Community acquired bacteremia in young children from central Nigeria--a pilot study.

BACKGROUND: Reports of the etiology of bacteremia in children from Nigeria are sparse and have been confounded by wide spread non-prescription antibiotic use and suboptimal laboratory culture techniques. We aimed to determine causative agents and underlying predisposing conditions of bacteremia in Nigerian children using data arising during the introduction of an automated blood culture system accessed by 7 hospitals and clinics in the Abuja area. METHODS: Between September 2008 and November 2009, we enrolled children with clinically suspected bacteremia at rural and urban clinical facilities in Abuja or within the Federal Capital Territory of Nigeria.

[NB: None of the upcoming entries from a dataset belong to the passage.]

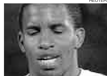
FARFÁN. Testimonios recogidos en el hotel lo incluyen en la lista.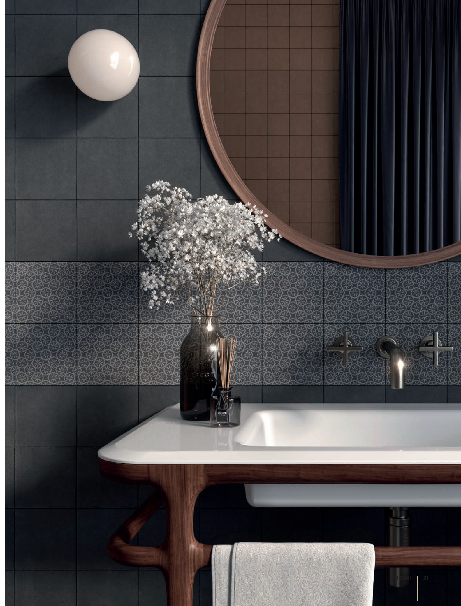
wall: ORIGINI CARBON . 15x15 / 6"x6" - CARBON 2 MAUA 15x15 / 6"x6"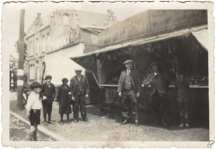
Snoepkraam op de kermis in Woesten in 1938.

plaatsmeesters oog voor hebben, is de opbrengst voor de stadskas. Ze hebben geen voeling met de magie van de kermis noch met het feit dat het een familiegebeuren is.”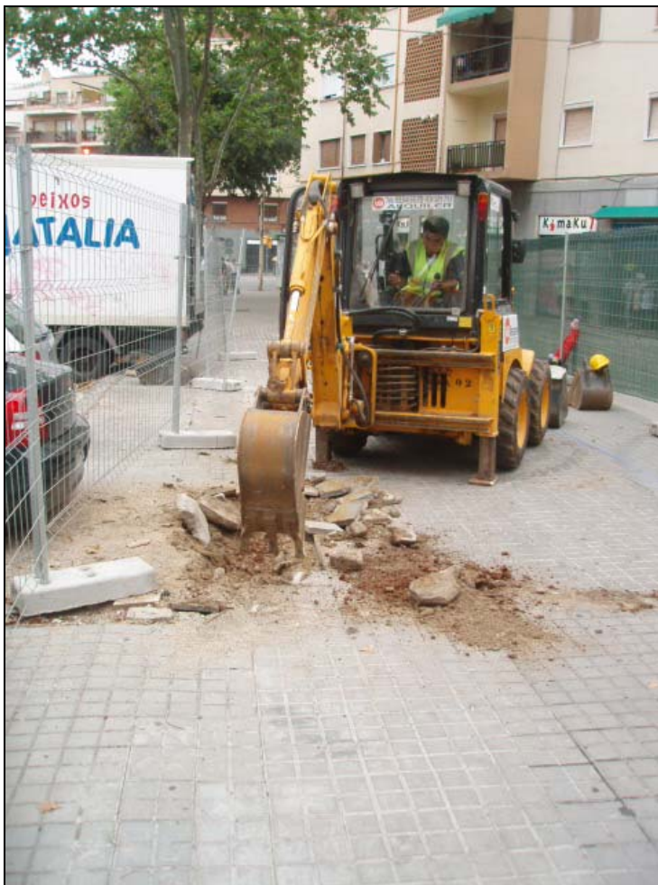
Figura 4 i 5. Inici tasques de rebaix.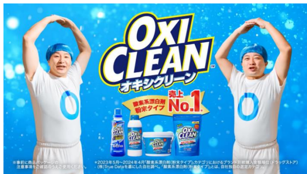
2024年12月13日（金）～放映 「大掃除にはオキシクリーン」篇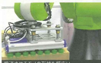
搬送させるモノの形状も幅広い

●製造現場で発生する「取り出す」「運ぶ」「入れる」「検査する」という作業を効率化するロボットの設計・開発・製造を行う。現場内にある複数のロボットを効率よく稼働させるシステムの構築・設計をはじめ、NS施盤に対応した自社開発の「標準ガントリー」や「ロボローダー」など、製品の種類は多岐にわたる。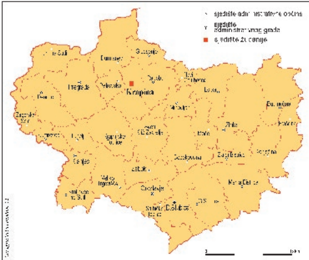
Slika 1. Karta Krapinsko-zagorske županije

poduzećima i mogućnosti bavljenja turizmom. Ova županija je jedno od rijetkih područja u Hrvatskoj koje na bogatstvu antropogenih i prirodnih turističkih resursa može razvijati mnoge vrste i oblike turizma, a posebno zdravstveni turizam.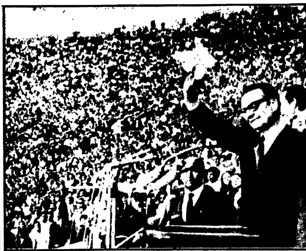
SANTIAGO DEL CILE - Una recente manifestazione popolare attorno ad Allende e al suo governo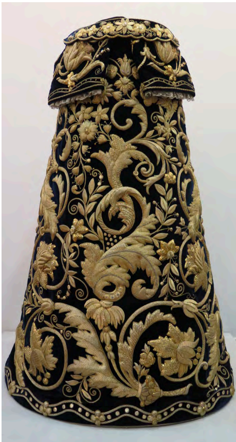
Figura 18. Exposición de saya de Virgen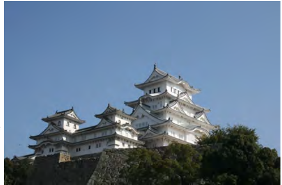
平成の大修理を終えた姫路城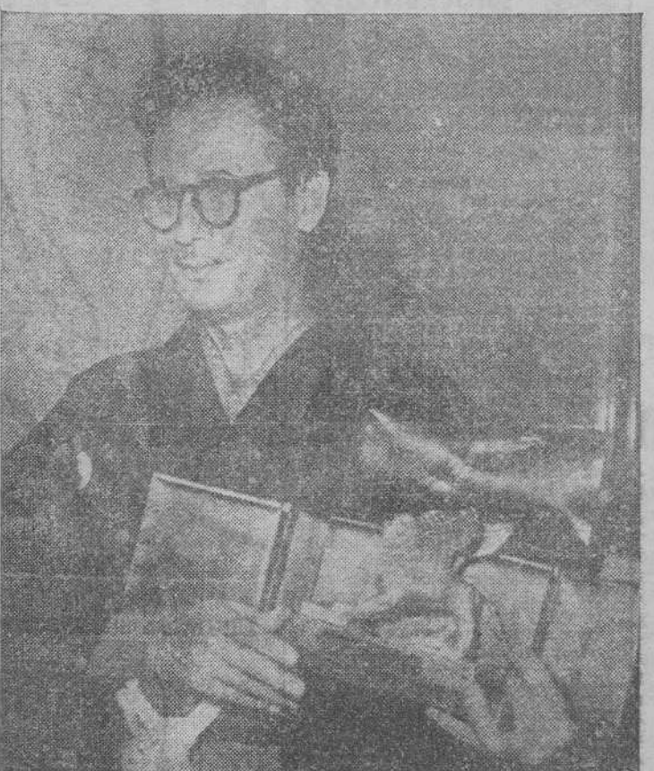
El famoso director cinematográfico japonés, que obtuvo el galardón del "León de Oro", en el último Festival Cinematográfico de Venecia.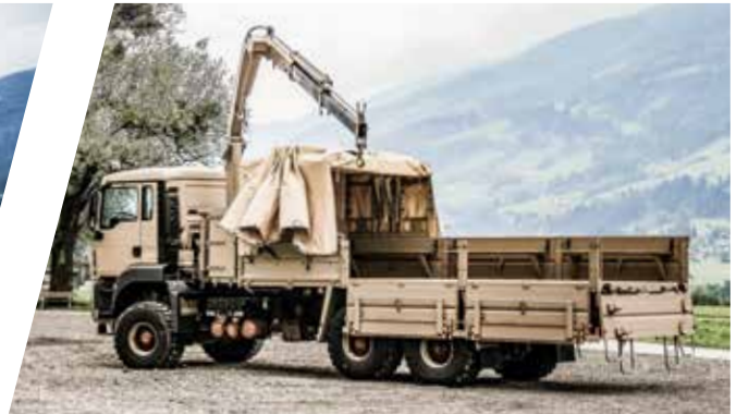
Truppentransporter mit Schieberdeck und Kran, verwindungsfrei Troop Carrier with Sliding Tarpaulin Rack and Crane, torsion free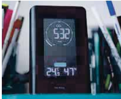
CO 2 -Messgerät im Klassenzimmer.

Die Qualität der Luft in den Klassenzimmern ist nicht erst seit der Corona-Pandemie ein Thema. Dass die ungenügende Belüftung die Konzentration erschwert und deshalb negative Auswirkungen auf den Lernerfolg hat, ist bekannt. In zwei von drei Schulzimmern ist die Qualität der Atemluft laut BAG-Studie von 2019 ungenügend. Durch die Pandemie ist das Thema in den Fokus gerückt, weil die schlechte Luftqualität in vielen Schulen auch die Gesund-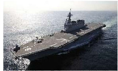
護衛艦「ひゅうが」 7/14~16 / 東港・東埠頭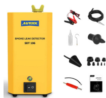
DETECTOR DE FUGA DE HUMO PRECIO: 150.00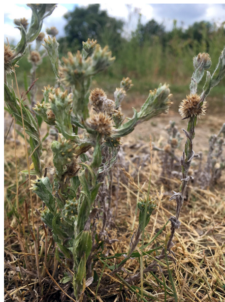
Abb. 36: Filago germanica in Köln-Libur (H. SUMSER).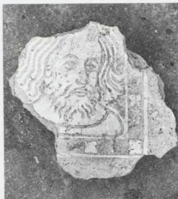
Afb. 11. Dordrecht: Minderbroedersklooster. Fragment van een vloertegel uit het Minderbroedersklooster. De versiering van het hoofd binnen een omlijsting is tot stand gekomen door opvulling van de in de roodbakkende ondergrond ingestempelde vlakken en lijnen met een lichtgeel bakkende klei.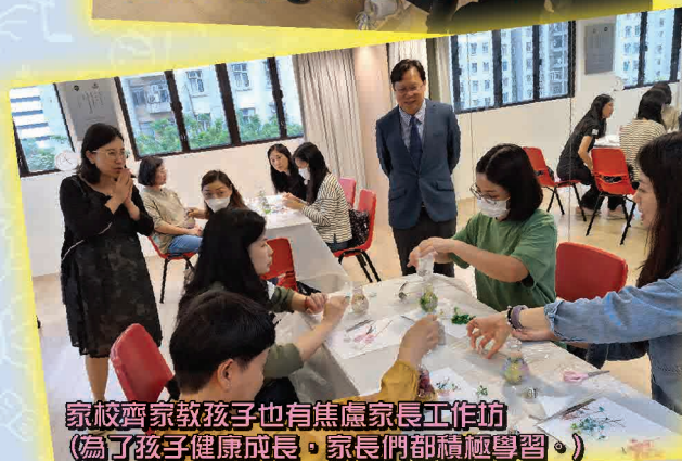
家校齊家教孩子也有焦慮家長工作坊 (為了孩子健康成長，家長們都積極學習。)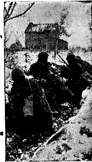
Una linea de trincheras, en Rusia.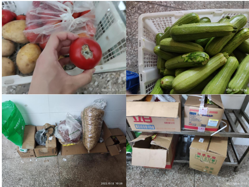
图 I-3 食材仓储情况组图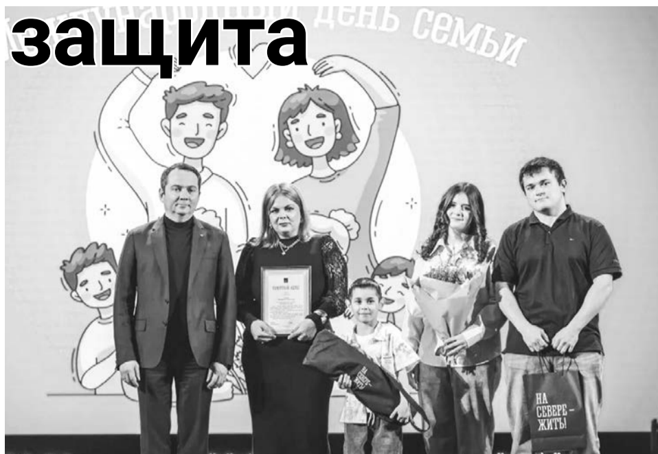
Губернатор Андрей Чибис вручил памятный адрес семье Асваровых.

Наталья СТОЛЯРОВА.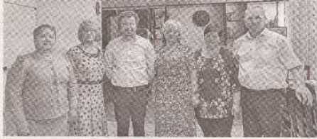
Лидеры FSEȘ обсудили с министром образования неотложные вопросы >> с.2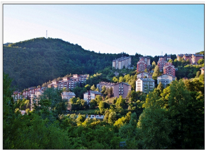
СУНЦА ЈЕ ВИШЕ Мајданпек – део горњег града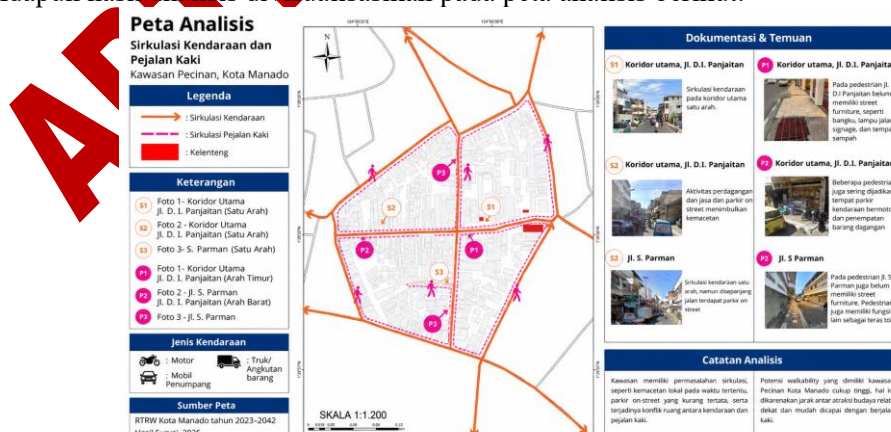
Gambar 3. Analisis Sirkulasi Keedaraan dan Pedestrian

Meskipun demikian, kualitas jalur pedestrian di kawasan masih belum memadai. Kondisi eksisting menunjukkan beberapa hambatan berupa penggunaan trotoar untuk parkir, barang dagangan, dan aktivitas perdagangan; lebar efektif yang terbatas; permukaan yang tidak seragam; serta minimnya peneduh dan fasilitas dasar. Lebar pedestrian pada titik amatan berkisar 1,5–2,0 m, tetapi ruang efektifnya berkurang ketika terjadi okupasi. Pola sirkulasi pejalan kaki pada kawasan selanjutnya dapat dilihat pada gambar berikut. Potensi kemudahan berjalan kaki ( walkability ) di kawasan belum sepenuhnya didukung oleh kualitas jalur yang tersedia. Oleh karena itu, penataan awal perlu berfokus pada pemulihan kontinuitas jalur, pengurangan hambatan, perbaikan permukaan, dan penambahan fasilitas dasar pada segmen yang paling banyak digunakan. Adapun hasil analisis divisualisasikan pada peta analisis berikut.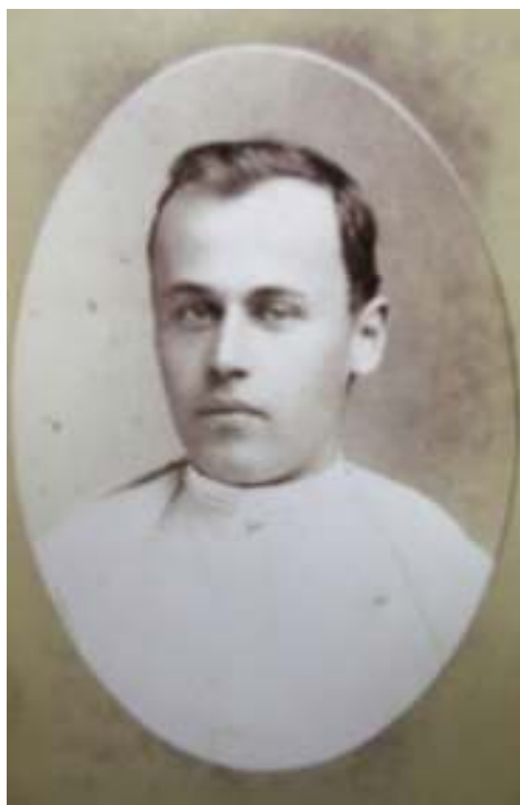
Metoděj Zavoral po kněžském svěcení v roce 1885.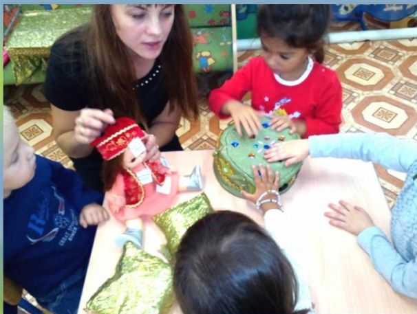
Играем в дидактическую игру «Подбери узор»

Знакомимся с татарскими народными костюмами.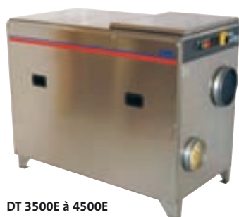
DT 3500E à 4500E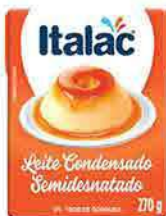
12886 LEITE CONDENSADO ITALAC SEMIDESNATADO TP | 24X270GR 7898080640529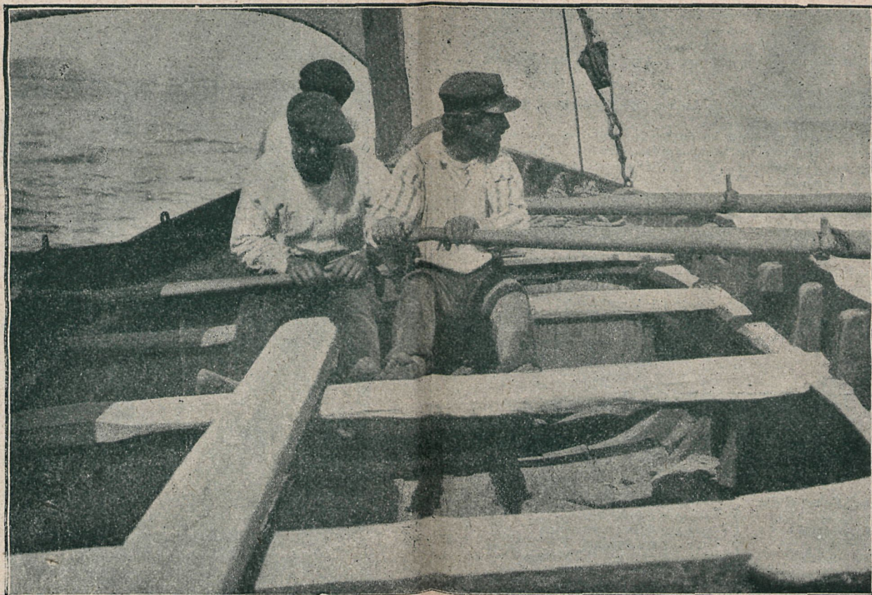
Á VELA Y Á REMOS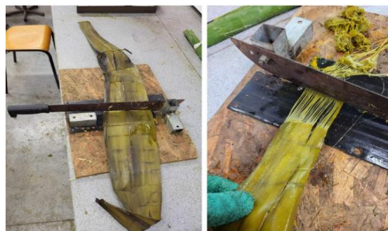
Figure 3 – défibrage des feuilles de choca

Après le rouissage, les fibres sont extraites des feuilles en raclant les feuilles à l'aide d'une machette (cf. Figure 3). La facilité du défibrage sera notée de 0 à 5, en prenant comme référence une feuille fraîche. Ainsi, 0 correspond à la même difficulté qu'une feuille non rouie, 1 à une feuille ramollie mais avec un épiderme non détachable, 2 à une feuille avec de grosses irrégularités dans la décomposition, 3 à un défibrage possible avec force mais avec emmêlement des fibres lors du processus, 4 à un défibrage facile mais avec quelques points de difficulté (ex. : craquelures sèches, grains...) et enfin 5 si aucune force physique n'est nécessaire.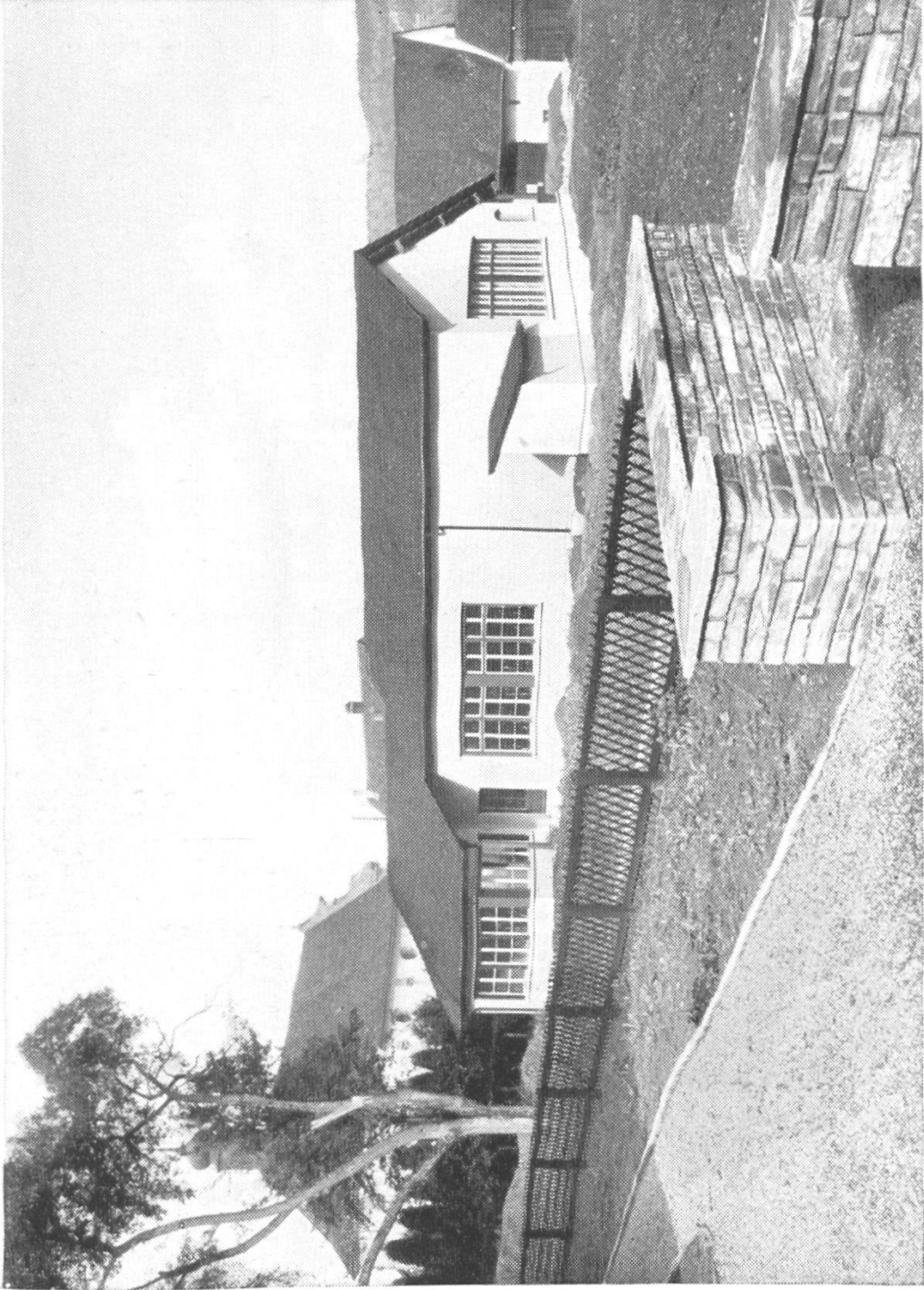
Schulhaus Kappelerhof, Südseite. Links Kapelle Mariawil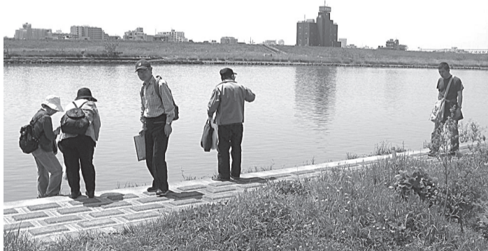
▶ ゆっくりと海をめざして歩いてみましょう

問 荒川ビジターセンター 〒120-0034千住5-13-5(学びピア21内) ☎5813-3753 〓ara-vc@adachi.ne.jp

Blood was cultured using an automated system with antibiotic removing device. We documented clinical features in all children and tested for prior antibiotic use in a random sample of sera from children from each site. RESULTS: 969 children aged 2 months-5 years were evaluated. Mean age was 21±15.2 months. All children were not systematically screened but there were 59 (6%) children with established diagnosis of sickle cell disease and 42 (4.3%) with HIV infection. Overall, 212 (20.7%) had a positive blood culture but in only 105 (10.8%) were these considered to be clinically significant. Three agents, Staphylococcus aureus (20.9%), Salmonella typhi (20.9%) and Acinetobacter (12.3%) accounted for over half of the positive cultures. Streptococcus pneumoniae and non-typhi Salmonellae each accounted for 7.6%. Although not the leading cause of bacteremia, Streptococcus pneumoniae was the single leading cause of all deaths that occurred during hospitalization and after hospital discharge. CONCLUSION: S. typhi is a significant cause of vaccine-preventable morbidity while S. pneumoniae may be a leading cause of mortality in this setting. This observation contrasts with reports from most other African countries where non-typhi Salmonellae are predominant in young children. Expanded surveillance is required to confirm the preliminary observations from this pilot study to inform implementation of appropriate public health control measures.